And here the first serious miracle began to take shape: somehow, against my will, I began to realise that life with my partner (okay, okay – ex-partner) had, in some incomprehensible way, become much easier and more pleasant after the divorce than before. The thing is, we cannot completely detach from each other – there’s no way – because neither of us can look after the little one without the other’s help; I’ll just mention in passing that for sixteen years now both of us have been wiping Lea’s soiled bottom several times a day (when she’s not at school, where other people do it), and we wipe it with love and genuine gratitude, because if there’s nothing to wipe, we have to take her to the hospital (has anyone told you that many autistics hold back the bowel movement until there’s absolutely no possibility of resistance, resulting in their insides sometimes being loaded with whole kilograms of faecal mass… Ah yes, the piquant flavour of realism; how I love it!).

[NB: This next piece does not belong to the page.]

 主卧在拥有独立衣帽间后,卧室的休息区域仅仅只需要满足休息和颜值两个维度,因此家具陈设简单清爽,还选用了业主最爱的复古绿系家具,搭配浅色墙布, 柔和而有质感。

After a year or two, when the little one was with me most of the time, it became clear she needed her mother much more than me (unlike her brother, for whom it was exactly the opposite – every child needs a role model of their own gender, of course). Now she’s with me only on weekends, but that too has a long and complicated story I’ll skip so as not to bore you.

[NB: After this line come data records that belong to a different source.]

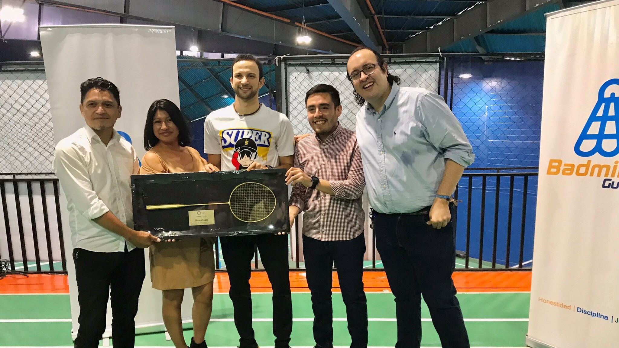 Las instalaciones de la Federación de Bádminton en la zona 5 fueron el escenario en el que Kevin recibió un cheque, con fondos recaudados por este movimiento, y una raqueta dorada como símbolo de su logro en los juegos.
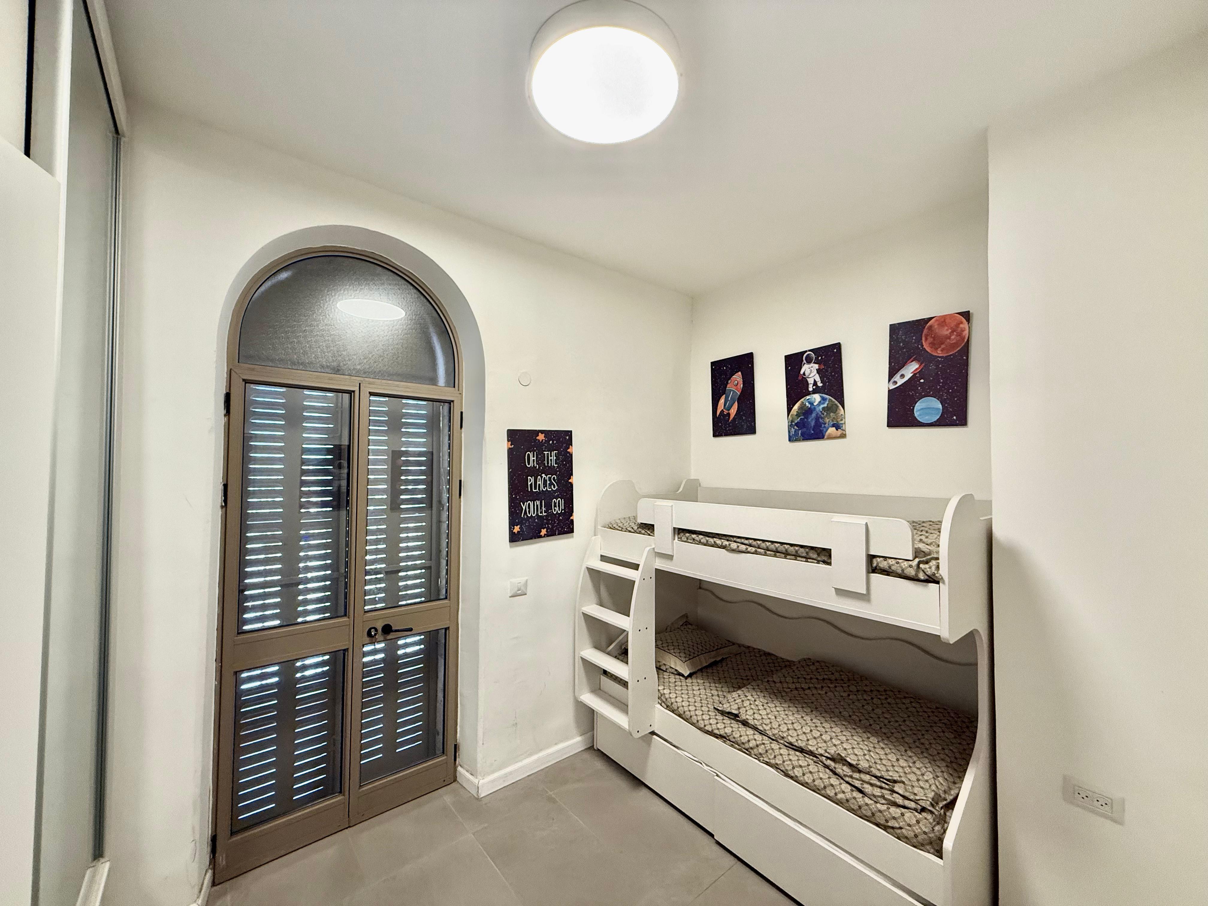 Ground FloorBunk Bed The forth bedroom has a bunkbed and closet space as well as a balcony off of the bedroom.
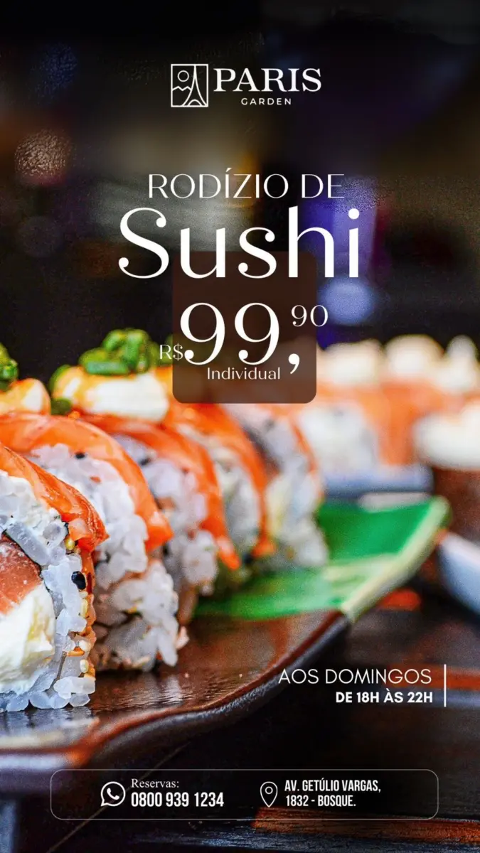 O restaurante Paris Garden, localizado na Avenida Getúlio Vargas, nº 1832, no bairro Bosque, disponibiliza aos apreciadores da culinária japonesa o rodízio de sushi aos domingos.
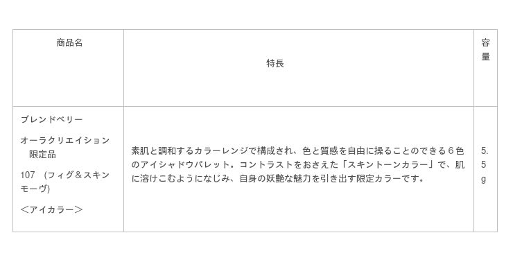 ブレンドベリーは、ブランド独自の色彩理論をもとに、どんな肌の色にもなじむカラーリングパターン「skin(スキン) harmonizing(ハーモナイジング) color(カラー)」を取り入れた商品を展開しています。今回発売する「オーラクリエイション 限定カラー 107 フィグ&スキンモーヴ」は、コントラストをおさえたスキントーンで全体をまとめた6色パレットです。肌の色と優しく溶けあい、目もとに奥行と透明感を演出。透け感のあるナチュラルな仕上がりでありながら妖艶な美しさを演出します。昨今人気の高まっている、透明感を感じさせるメイクや、あどけなさが漂う儚げな印象に仕上げることができます。

In fact, there’s perfect logic to it. Each of us can overlook the flaws of those close to us – but only when they’re not constantly in our face and mind. Almost any woman in the world can accept that there’s no man who can flawlessly remember a simple shopping list (or not lose the one she’s written him) – but only if it’s not happening every day and is, more or less, his own business. Likewise, a man sooner or later learns not to hold it against her that she prefers crime series to Bergman or Buñuel (not that he watches them every other day, but principle is principle) – but, again, only insofar as it’s not part of his life but her own choice, with which he has nothing or almost nothing to do. Which is not to say women are purely practical and men purely abstract, or, even more falsely, purely “spiritual” beings. Nonsense, of course. We all combine both, but, by some cosmic evil fate, most often in ways that seem physiologically incompatible – at least once the enchantment of sex and romantic lyricism wears off and the time comes to wipe bottoms and count differences… Oh, what a muddled world.

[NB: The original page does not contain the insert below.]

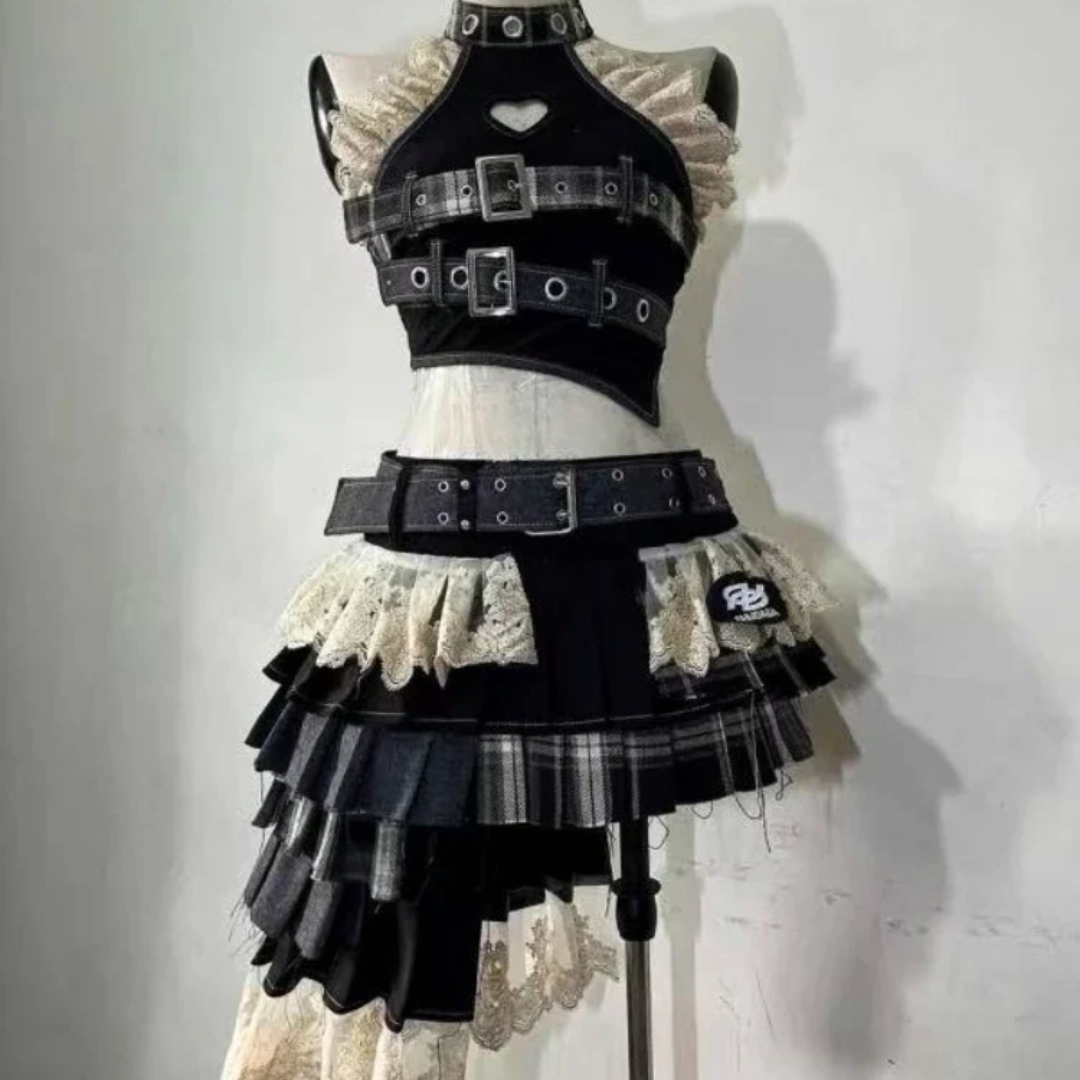 Delicate patchwork lace meets edgy buckle detailing, creating a seductive silhouette that fuses gothic romance with avant-garde flair. From its form-fitted top to the cascading mini skirt, every element promises an unapologetically bold statement for summer nights and beyond.

So, at some point we began to get along almost “wonderfully.” I won’t tell you the ice between us has melted, nor will I feed the ladies any hopes for a cheap happy ending: the marital part of this story is over, even if the two protagonists remain joined to each other for life like Siamese twins – as it seems for now. But hardly anyone would doubt the claim that this new life turned out far happier than the old one and in the end brought the participants, almost by force, to where they actually belonged: separated, but much happier. Do you now see what I was talking about at the beginning?
So far so good, but only a little after this unexpectedly happy turn, life-the-trickster was quick to send me another (paper) dragon: this time I lost my job. Friends in Bulgaria, especially the ladies, often tell me stories about people of my generation who’ve been sunk by such or similar life mishaps. Well, what can I say? If you don’t know the theory…
Again everything turned upside down, again I didn’t know which way was up; I thought I was old enough not to give in to panic, but no, brother – when you’ve lived a solid twenty years as a member of the solid German middle class, losing that cherished status turns out to be a hard morsel to swallow. Once more, grit your teeth; once more, don’t swear in front of the kid, who of course knows only that much Bulgarian; once more, suck hope out of your fingers; once more, believe in cosmic reason; once more, this and that… At one point I had truly thrown in the towel, no point in twisting it (but – I repeat – without alcohol! In that respect, I am, so to speak, somewhat blessed).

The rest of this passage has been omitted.